Goal of the exercise ::
Every entry in the data that follows should come back exactly, pictures aside.

===== Given data

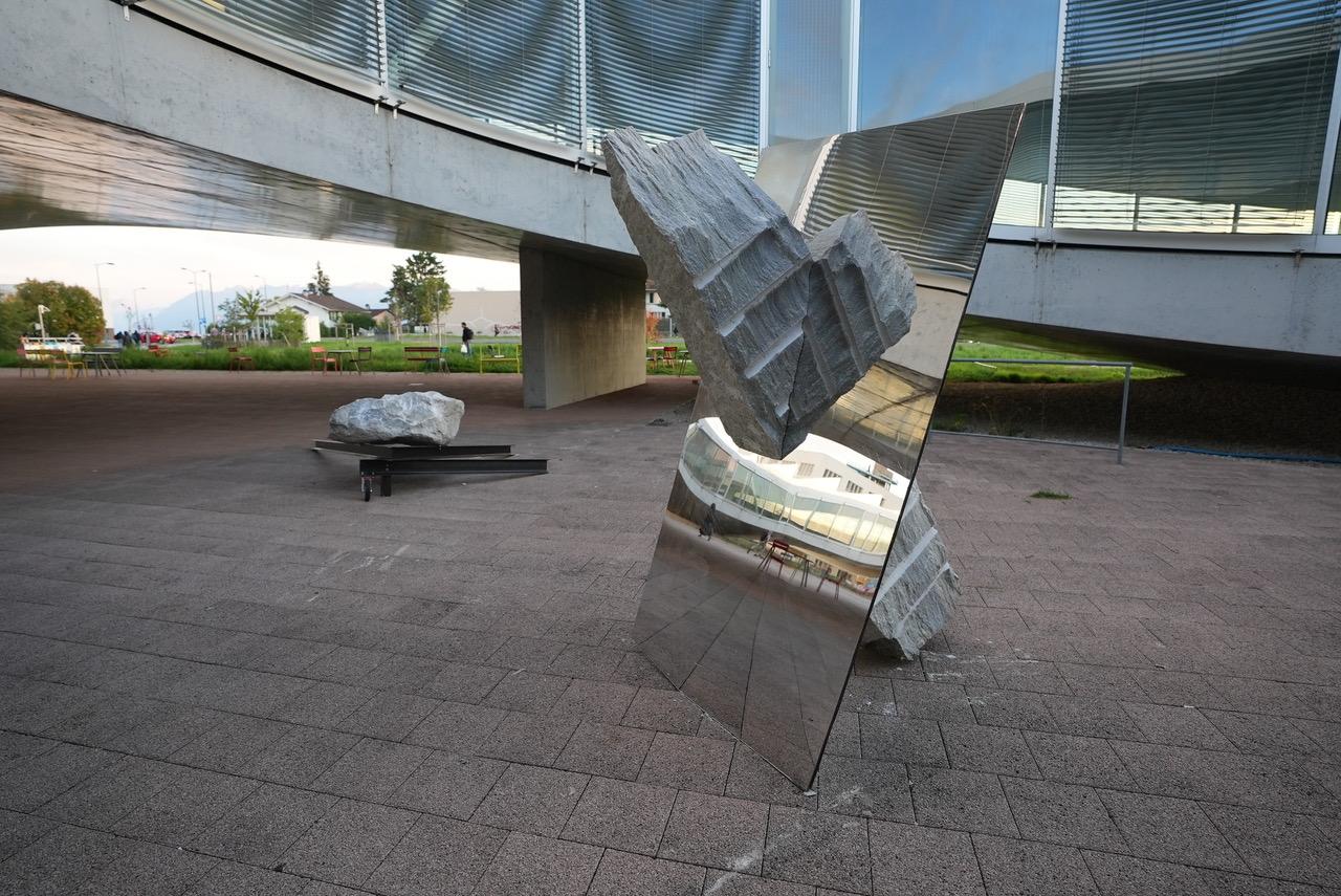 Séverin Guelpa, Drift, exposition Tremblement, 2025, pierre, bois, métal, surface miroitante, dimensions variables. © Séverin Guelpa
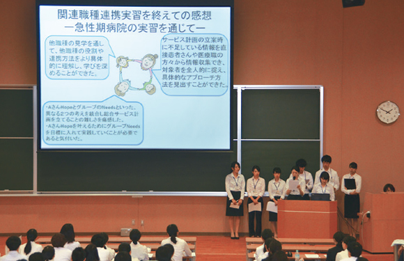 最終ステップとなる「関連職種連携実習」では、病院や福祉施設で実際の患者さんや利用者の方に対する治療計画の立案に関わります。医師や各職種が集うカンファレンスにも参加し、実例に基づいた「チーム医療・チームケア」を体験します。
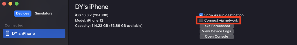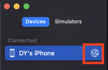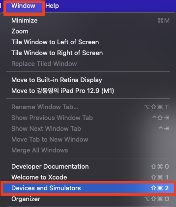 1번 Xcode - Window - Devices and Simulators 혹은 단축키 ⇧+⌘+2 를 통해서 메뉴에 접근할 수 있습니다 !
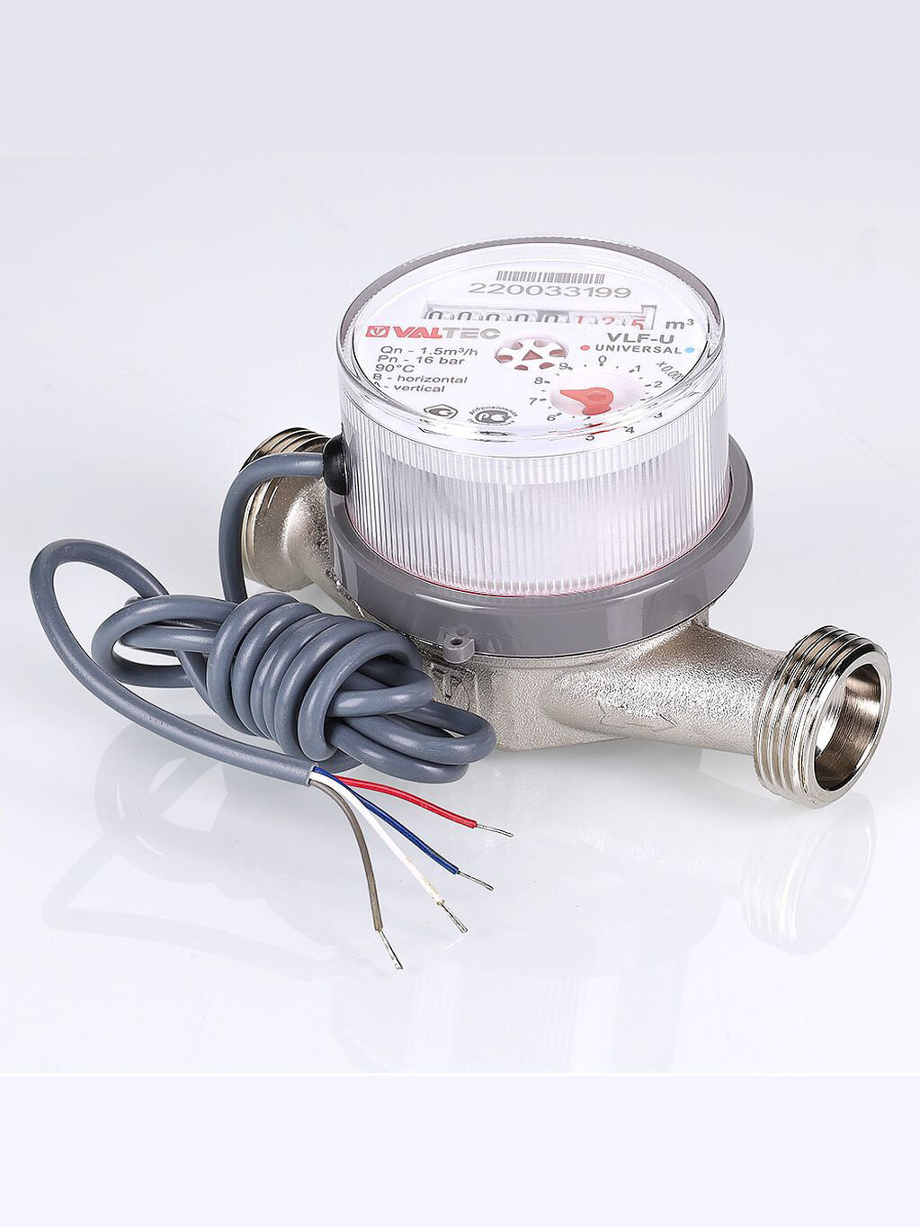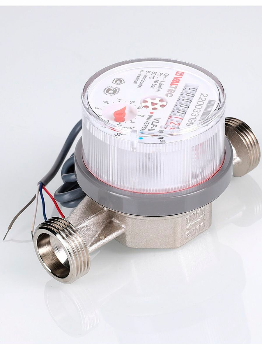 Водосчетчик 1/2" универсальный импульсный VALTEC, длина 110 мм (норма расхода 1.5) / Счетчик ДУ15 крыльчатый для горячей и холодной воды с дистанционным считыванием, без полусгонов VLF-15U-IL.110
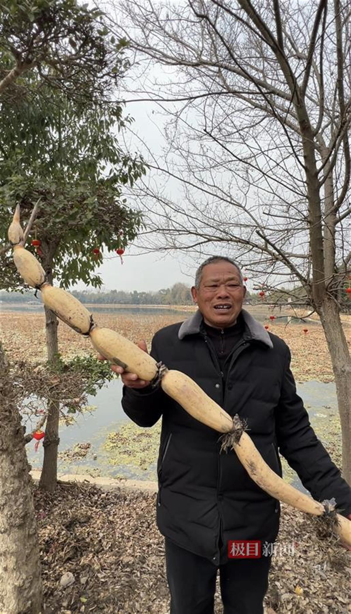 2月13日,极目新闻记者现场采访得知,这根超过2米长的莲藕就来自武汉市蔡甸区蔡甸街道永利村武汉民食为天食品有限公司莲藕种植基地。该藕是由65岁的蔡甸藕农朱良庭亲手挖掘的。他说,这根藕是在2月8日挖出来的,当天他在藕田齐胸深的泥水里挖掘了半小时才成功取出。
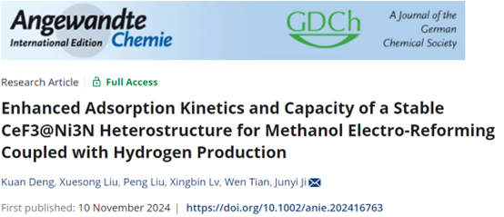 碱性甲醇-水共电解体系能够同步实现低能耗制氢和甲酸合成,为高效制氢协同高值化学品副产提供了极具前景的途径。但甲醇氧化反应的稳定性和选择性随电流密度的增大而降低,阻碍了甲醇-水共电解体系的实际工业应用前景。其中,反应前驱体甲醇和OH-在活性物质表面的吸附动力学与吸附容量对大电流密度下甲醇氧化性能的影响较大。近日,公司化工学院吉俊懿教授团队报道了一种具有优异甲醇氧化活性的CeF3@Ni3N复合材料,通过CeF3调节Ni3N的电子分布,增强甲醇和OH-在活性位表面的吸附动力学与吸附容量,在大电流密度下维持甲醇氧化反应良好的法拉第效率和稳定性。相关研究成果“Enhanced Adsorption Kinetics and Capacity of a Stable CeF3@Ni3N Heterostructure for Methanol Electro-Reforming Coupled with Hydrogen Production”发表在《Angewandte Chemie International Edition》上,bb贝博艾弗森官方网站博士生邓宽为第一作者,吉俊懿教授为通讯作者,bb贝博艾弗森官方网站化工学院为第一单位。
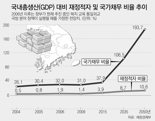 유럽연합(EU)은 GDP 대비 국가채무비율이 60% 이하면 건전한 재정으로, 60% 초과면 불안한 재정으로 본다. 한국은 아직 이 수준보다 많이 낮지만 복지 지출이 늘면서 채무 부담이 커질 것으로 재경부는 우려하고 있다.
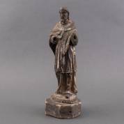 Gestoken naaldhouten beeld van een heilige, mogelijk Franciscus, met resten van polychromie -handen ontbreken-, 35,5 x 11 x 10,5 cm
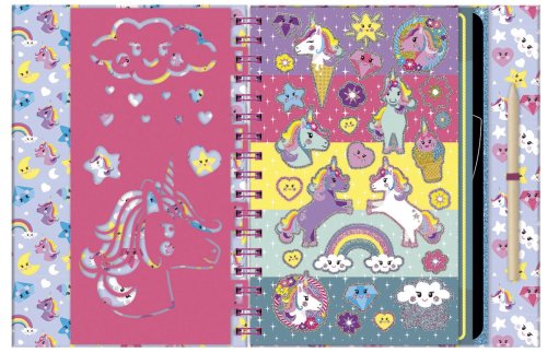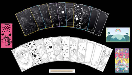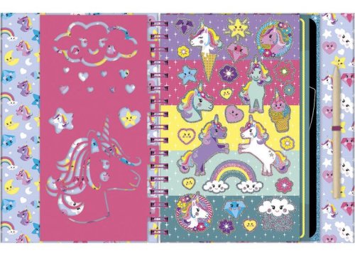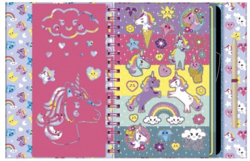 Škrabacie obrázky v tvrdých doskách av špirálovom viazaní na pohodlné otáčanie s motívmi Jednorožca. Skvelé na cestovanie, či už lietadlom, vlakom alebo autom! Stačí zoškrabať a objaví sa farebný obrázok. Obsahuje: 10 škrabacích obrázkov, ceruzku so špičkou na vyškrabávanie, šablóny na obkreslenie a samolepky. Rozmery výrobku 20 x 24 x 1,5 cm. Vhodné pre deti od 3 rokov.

==========

Exercise result ::
 Séverin Guelpa, Drift, exposition Tremblement, 2025, pierre, bois, métal, surface miroitante, dimensions variables. © Séverin Guelpa
 最終ステップとなる「関連職種連携実習」では、病院や福祉施設で実際の患者さんや利用者の方に対する治療計画の立案に関わります。医師や各職種が集うカンファレンスにも参加し、実例に基づいた「チーム医療・チームケア」を体験します。
 1번 Xcode - Window - Devices and Simulators 혹은 단축키 ⇧+⌘+2 를 통해서 메뉴에 접근할 수 있습니다 !
 Водосчетчик 1/2" универсальный импульсный VALTEC, длина 110 мм (норма расхода 1.5) / Счетчик ДУ15 крыльчатый для горячей и холодной воды с дистанционным считыванием, без полусгонов VLF-15U-IL.110
 2月13日,极目新闻记者现场采访得知,这根超过2米长的莲藕就来自武汉市蔡甸区蔡甸街道永利村武汉民食为天食品有限公司莲藕种植基地。该藕是由65岁的蔡甸藕农朱良庭亲手挖掘的。他说,这根藕是在2月8日挖出来的,当天他在藕田齐胸深的泥水里挖掘了半小时才成功取出。
 碱性甲醇-水共电解体系能够同步实现低能耗制氢和甲酸合成,为高效制氢协同高值化学品副产提供了极具前景的途径。但甲醇氧化反应的稳定性和选择性随电流密度的增大而降低,阻碍了甲醇-水共电解体系的实际工业应用前景。其中,反应前驱体甲醇和OH-在活性物质表面的吸附动力学与吸附容量对大电流密度下甲醇氧化性能的影响较大。近日,公司化工学院吉俊懿教授团队报道了一种具有优异甲醇氧化活性的CeF3@Ni3N复合材料,通过CeF3调节Ni3N的电子分布,增强甲醇和OH-在活性位表面的吸附动力学与吸附容量,在大电流密度下维持甲醇氧化反应良好的法拉第效率和稳定性。相关研究成果“Enhanced Adsorption Kinetics and Capacity of a Stable CeF3@Ni3N Heterostructure for Methanol Electro-Reforming Coupled with Hydrogen Production”发表在《Angewandte Chemie International Edition》上,bb贝博艾弗森官方网站博士生邓宽为第一作者,吉俊懿教授为通讯作者,bb贝博艾弗森官方网站化工学院为第一单位。
 유럽연합(EU)은 GDP 대비 국가채무비율이 60% 이하면 건전한 재정으로, 60% 초과면 불안한 재정으로 본다. 한국은 아직 이 수준보다 많이 낮지만 복지 지출이 늘면서 채무 부담이 커질 것으로 재경부는 우려하고 있다.
 Gestoken naaldhouten beeld van een heilige, mogelijk Franciscus, met resten van polychromie -handen ontbreken-, 35,5 x 11 x 10,5 cm
 Škrabacie obrázky v tvrdých doskách av špirálovom viazaní na pohodlné otáčanie s motívmi Jednorožca. Skvelé na cestovanie, či už lietadlom, vlakom alebo autom! Stačí zoškrabať a objaví sa farebný obrázok. Obsahuje: 10 škrabacích obrázkov, ceruzku so špičkou na vyškrabávanie, šablóny na obkreslenie a samolepky. Rozmery výrobku 20 x 24 x 1,5 cm. Vhodné pre deti od 3 rokov.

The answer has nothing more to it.